We must convert this initial shape into a form that allows us to track the future distortions over time. The mathematical tool we use for this is the double Fourier series. This approach breaks down the complex shape into a sum of simpler sine and cosine functions, making it much easier to analyze the behavior of the membrane across time.

Fourier coefficients

Fourier coefficients are critical components of the Fourier series representation. They quantify the contribution of each sine and cosine term to the overall shape of the function. To find these coefficients for our problem, we use the given formula: \[ A_{mn} = \frac{4}{l^2} \int_0^l \int_0^l f(x, y) \sin\left(\frac{m \pi x}{l}\right) \sin\left(\frac{n \pi y}{l}\right) dx dy \].

By plugging in the initial shape function \(f(x, y) = xy(l-x)(l-y)\) into this formula, we essentially measure how each sine and cosine term fits to the initial shape. This involves performing double integration.
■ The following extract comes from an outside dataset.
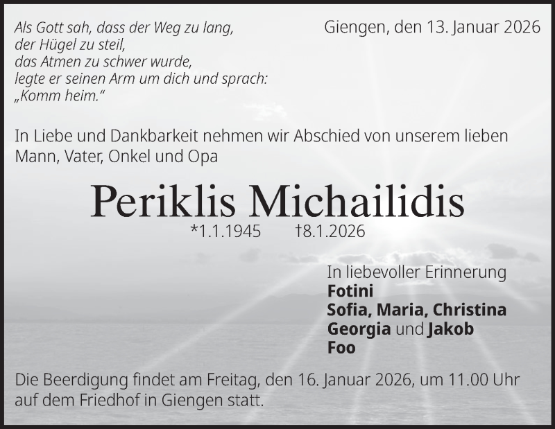 Hier finden Sie alle Traueranzeigen aus der Zeitung, die bisher für Periklis Michailidis erschienen sind. Weitere Traueranzeigen, die in der Zeitung erscheinen, werden hier ebenfalls aufgelistet

The resulting coefficients \(A_{mn}\) are unique to our specific initial shape distribution and serve as the 'weights' in the Fourier series.

• \(A_{mn}\): The weight of each frequency component
• \(m, n\): Indices representing the specific sine/cosine wave components
• \Integral Limits (0 to \(l\)): Cover the entire extent of the initial membrane shape

Fourier series representation

A Fourier series is a way to represent a function as the sum of simple sine and cosine waves. For a function defined over a square region, we use a double Fourier series, which involves two sets of sine functions \( \sin\left(\frac{m \pi x}{l}\right) \) and \( \sin\left(\frac{n \pi y}{l}\right) \). This representation helps to break down the initial complex shape into a series of simpler oscillatory components.
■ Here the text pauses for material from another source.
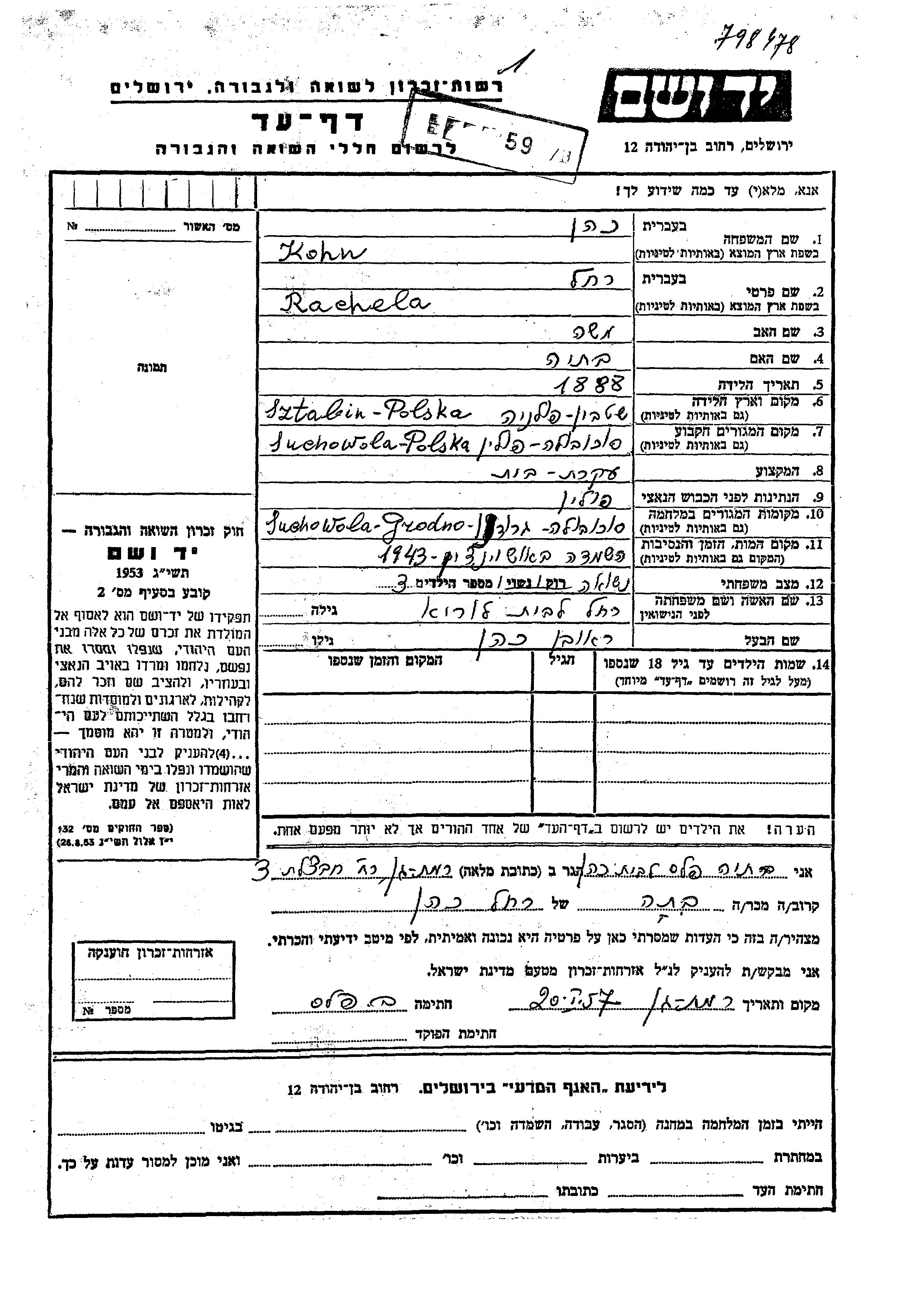 Rakhel Kohn, geb. Lurie wurde in Sztabin, Polen geboren. Sie war Hausfrau. Vor dem Zweiten Weltkrieg lebte sie in Suchowola, Polen.

The double Fourier series representation of a function is given by:
\[ f(x, y) = \sum_{m=1}^\infty \sum_{n=1}^\infty A_{mn} \sin\left(\frac{m \pi x}{l}\right) \sin\left(\frac{n \pi y}{l}\right) \].

Here, \(A_{mn}\) are the Fourier coefficients we calculated previously. By summing up these weighted sine terms, we can reconstruct the initial shape function. This makes it a very powerful tool for understanding complex patterns and predicting future behavior.
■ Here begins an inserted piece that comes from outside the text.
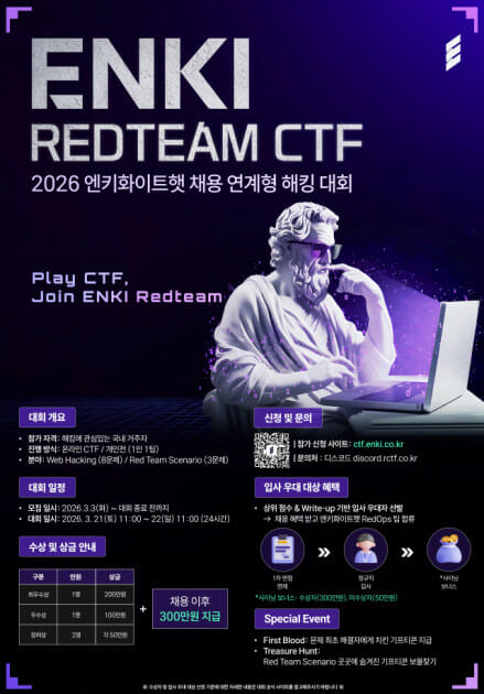 ENKI REDTEAM CTF 2026 엔키화이트햇 채용 연계형 해킹 대회

time-dependent shape function

The shape function of the membrane changes over time due to oscillations. To describe this dynamic behavior, we extend our Fourier series representation to include a time-dependent component. This is done by adding a cosine function that accounts for temporal changes:
\[ u(x, y, t) = \sum_{m=1}^\infty \sum_{n=1}^\infty A_{mn} \sin\left(\frac{m \pi x}{l}\right) \sin\left(\frac{n \pi y}{l}\right) \cos(\omega_{mn} t) \].

Here, \( \omega_{mn} = \sqrt{\frac{m^2 + n^2}{l^2}} \) is the angular frequency of the oscillation. This equation shows how each sine wave component of the initial shape evolves over time. The cosine terms \( \cos(\omega_{mn} t) \) describe the time evolution of each mode of the membrane's vibration.

• \(u(x, y, t)\): Shape of the membrane at time \(t\)
• \(\omega_{mn}\): Angular frequency specific to each mode
• \Cosine term: Represents the temporal evolution

double integral calculation

The calculation of the Fourier coefficients \(A_{mn}\) involves evaluating a double integral. This process may seem complex, but it is crucial for determining the exact contribution of each sine wave component.

To compute the coefficients, we start with the integral formula:
\[ A_{mn} = \frac{4}{l^2} \int_0^l x(l-x) \sin\left(\frac{m \pi x}{l}\right) dx \int_0^l y(l-y) \sin\left(\frac{n \pi y}{l}\right) dy \].

In this formula, the double integral is broken down into two single integrals, one over \(x\) and one over \(y\).

• First Integral: \( \int_0^l x(l-x) \sin\left(\frac{m \pi x}{l}\right) dx \)
• Second Integral: \( \int_0^l y(l-y) \sin\left(\frac{n \pi y}{l}\right) dy \)

Solving these integrals requires integration by parts or using standard integral tables. Once computed, these integrals yield the numerical values of \(A_{mn}\), which we then plug back into the Fourier series formula to get the full representation.